You may already be following Maths Better for NCERT Solutions on the topics like Matrices and Determinants. Similarly, this exercise on Relations and Functions for Class 12 Maths is designed to strengthen your concepts and improve step-by-step problem-solving skills.
Now, let’s move on to the next example from NCERT on Relations and Functions chapter 1.
Example 3: Relations and Functions Miscellaneous
Ex. 3: Let R be a relation on the set A of ordered pairs of positive integers defined by
(x,y)\,R\,(u,v) \iff xv = yu
Show that R is an equivalence relation.
Solution
To prove that R is an equivalence relation, we verify:
- Reflexive
- Symmetric
- Transitive
1. Reflexive
Let (x,y) \in A . Then
(x,y) R (x,y) \iff x\cdot y = y \cdot x
which is true for all positive integers.
Hence, R is reflexive.
2. Symmetric
Assume (x,y) R (u,v) , so
xv = yu
Rewriting, we get
uy = vx
Thus,
(u,v) R (x,y)
Hence, R is symmetric.
3. Transitive
Let
(x,y) R (u,v) \Rightarrow xv = yu
and
(u,v) R (p,q) \Rightarrow uq = vp
We need to show:
(x,y) R (p,q) \Rightarrow xq = yp
From xv = yu , multiply both sides by q :
xvq = yuq
From uq = vp , multiply both sides by y :
yuq = yvp
Thus,
xvq = yvp
Since v \ne 0 , cancel v :
xq = yp
Hence,
(x,y) R (p,q)
Conclusion
Since the relation is reflexive, symmetric, and transitive, R is an equivalence relation.

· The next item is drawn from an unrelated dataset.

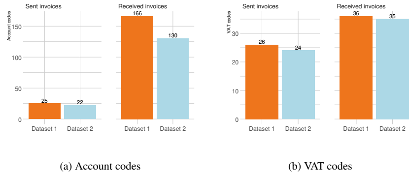
Fig. 1: Number of distinct codes used for sent and received invoices in the two datasets analyzed
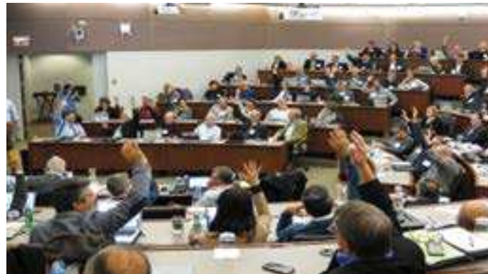
The World Workshop on the Classification of Periodontal and Peri-Implant Diseases and Conditions took place Nov. 9-11 in Chicago.

Participants conducted literature reviews, established case definitions and deliberated diagnostic considerations for the following topic areas: periodontal health and gingival diseases and conditions; periodontitis; developmental and acquired conditions and periodontal manifestations of systemic conditions; and peri-implant diseases and conditions. The inclusion of peri-implant diseases and conditions within periodontal

Example 4: Miscellaneous Exercise
Ex. 4: Find the number of all one-one functions from set A=\{1,2,3\} to itself.
Solution
We are given:
A = \{1,2,3\}, \quad n(A)=3
Step 1: Understand the condition
A one-one function means:
Different elements of the domain must have different images.

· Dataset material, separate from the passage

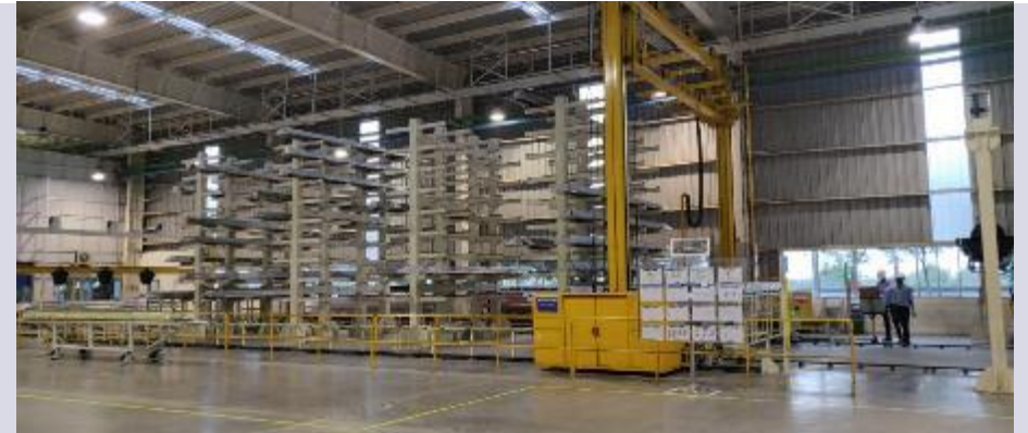
Storage with Stacker Crane System

Since domain and codomain both have 3 elements, this becomes a permutation problem.
Step 2: Use formula for one-one functions
Number of one-one functions from a set with n elements to itself is:
n!
Step 3: Apply the formula
Here n = 3 , so
\text{Number of one-one functions} = 3!
= 3 \times 2 \times 1 = 6
Alternative Explanation (Conceptual View)
Each one-one function is just a rearrangement of elements of the set A.

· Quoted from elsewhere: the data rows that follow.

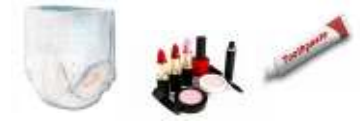
Diapers and personal hygiene products.
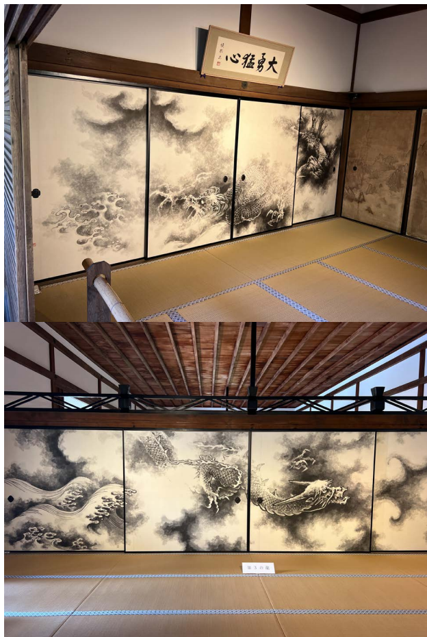
Gorgeous dragon panels at a sub-temple in Daitoku ji temple complex
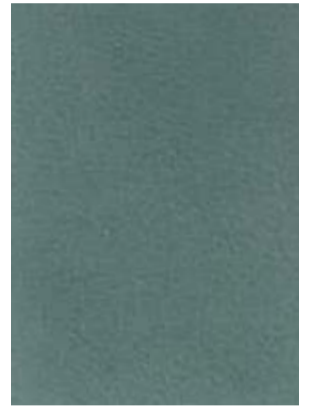
VELVETO | 963

So we are counting the number of permutations of 3 distinct elements.
Final Answer \boxed{6}
Counting relations becomes much easier when we carefully apply properties like reflexivity, symmetry and transitivity step by step.”
Example 5: Relations and Functions Miscellaneous
Ex. 5: Let A = \{1, 2, 3\} . Then show that the number of relations containing (1, 2) and (2, 3) which are reflexive and transitive but not symmetric is three.
Solution
We are given the set
A=\{1,2,3\}
Since the relation must be reflexive, the following pairs must always be included:
(1,1),(2,2),(3,3)
Also, the relation must contain:
(1,2),(2,3)
Step 1: Apply transitivity
Since (1,2) and (2,3) belong to the relation, transitivity forces:
(1,3)
Thus the smallest required relation is:
R_1=\{(1,1),(2,2),(3,3),(1,2),(2,3),(1,3)\}
This relation is reflexive, transitive, but not symmetric.
Step 2: Form other valid relations
If we add the pair (2,1) to R_1 , we obtain:
R_2=R_1\cup\{(2,1)\}
or R_2=\{(1,1),(2,2),(3,3),(1,2),(2,3),(1,3),(2,1)\}
This relation remains reflexive and transitive, but not symmetric.
Similarly, if we add the pair (3,2) to R_1 , we obtain:
R_3=R_1\cup\{(3,2)\}
or R_3=\{(1,1),(2,2),(3,3),(1,2),(2,3),(1,3),(3,2)\}
This relation is also reflexive and transitive, but not symmetric.
Step 3: Why other additions are not allowed
We cannot add both pairs (2,1) and (3,2) together, or the single pair (3,1) , because transitivity would then force the remaining missing pairs to be included.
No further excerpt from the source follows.